Une mue lente, complexe, fidèle à la nature de Marina Foïs, «éclectique, bordélique et pas tout à fait centrée» ainsi qu’elle se décrit elle-même sur le plateau de «Quotidien». C’est d’ailleurs durant cette même interview qu’elle relativise le contrôle qu’un acteur ou une actrice peut avoir sur sa propre carrière, contredisant la notion de «choix» mise en avant par Yann Barthès: «J’ai eu les propositions pour les faire, ces choix», corrige-t-elle en prenant l’exemple de Marion Cotillard, à qui on propose bien souvent le même genre de rôle.

Géante

Ce tournant, dans la carrière de Foïs, on peut le dater. 2011, lorsque son interprétation dans Polisse de Maïwenn est remarquée au point que le nom de la comédienne arrive aux oreilles des fans de rap, via le morceau «Courage Fuyons» de Médine et Orelsan (1,8 million d’écoutes rien que sur YouTube) et l’apparition soudaine de l’actrice dès le premier couplet [ATTENTION SPOILER]: «Se défenestre, pas pour sauver Loïs mais comme Marina Foïs, à la fin de Polisse».

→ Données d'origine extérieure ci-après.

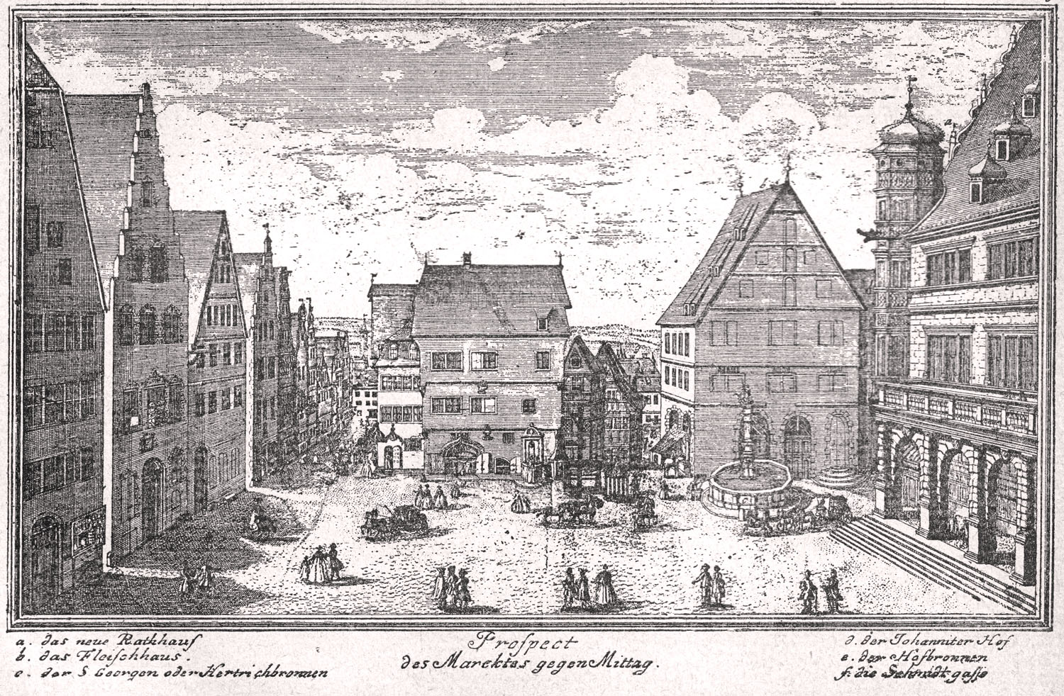 Ansicht des Rothenburger Marktplatzes. (aus: von Winterbach, J. D. W.: Rothenburger Chronik, Rothenburg 1905, nach Seite 48)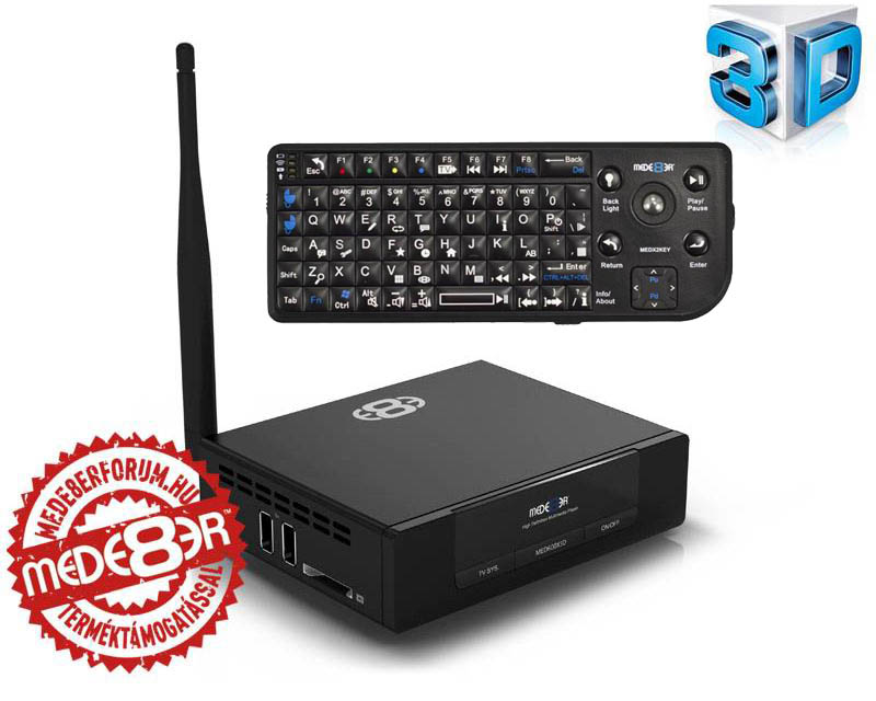 Mede8er MED600X3D-Full Wifis Médialejátszó akciós csomag tartalmazza a Mede8er MEDX2KEY rádiós mini USB billentyűzetét is, amit külön 13 900 Ft-ért kapható. Ennek segítségével sokkal kényelmesebben kezelhetjük médialejátszónkat és jól jön a beépített webböngésző használatakor is.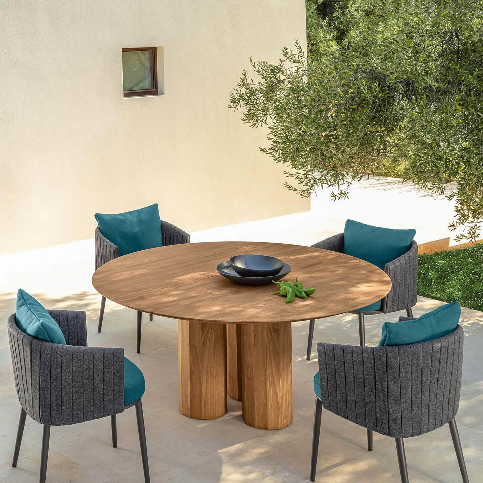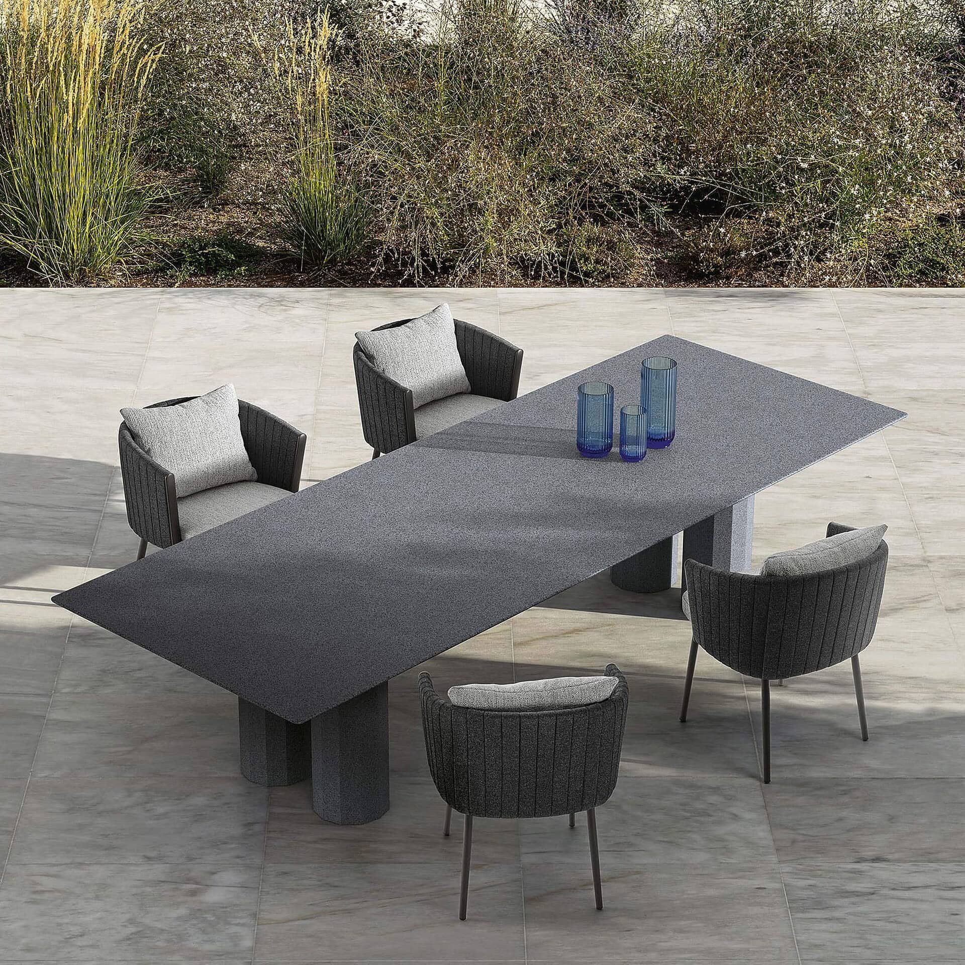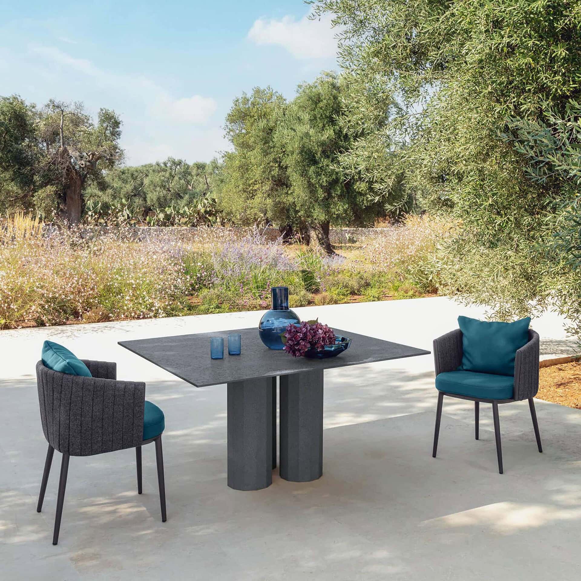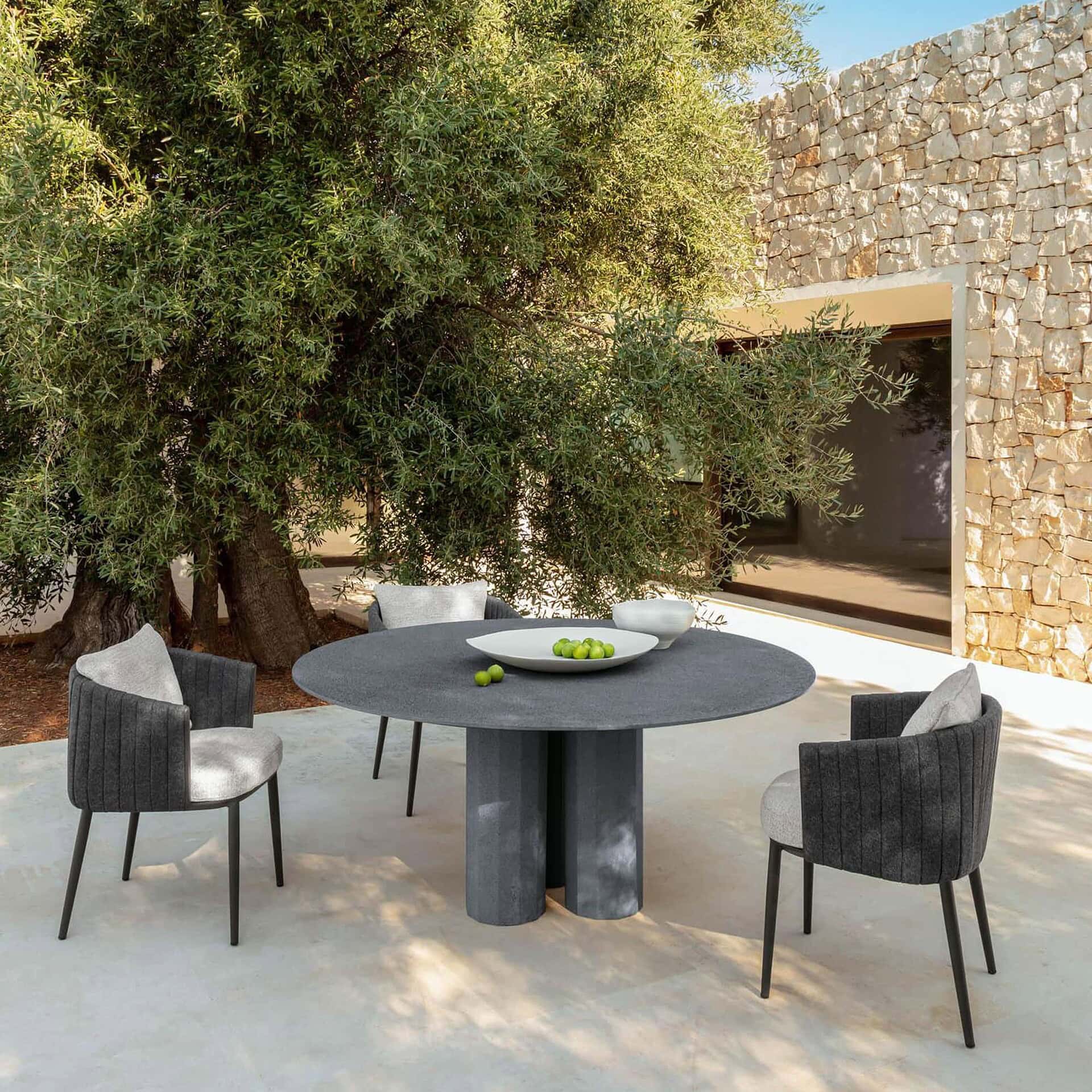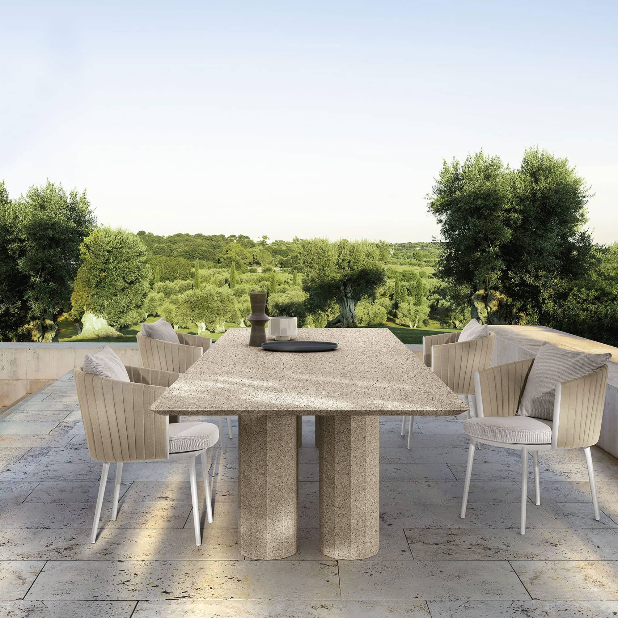 Designed to be the focal point of outdoor gatherings, the Salinas table is available in a range of shapes and finishes to suit diverse spaces. From rectangular tops to circular forms, each is supported by three or four sculpted columns that emphasize balance and timeless design. The table’s clean lines and tactile surfaces embody Talenti’s dedication to merging artistry with functionality—offering an invitation to dine in comfort and style, surrounded by nature.

Un tableau général qui donne l’impression d’une actrice totale, aussi sensible aux grandes causes qu’intouchable en tant que femme profondément moderne. Le 4 janvier dernier, M le magazine du Monde affirmait même qu’aujourd’hui en France, les «agents, réalisateurs, comédiens» sont unanimes: elle est «capable de tout jouer», et de telles actrices, «ils n’en voient que deux, Isabelle Huppert et Marina Foïs». Ce n’est plus la cour des grands, c’est la table des géantes.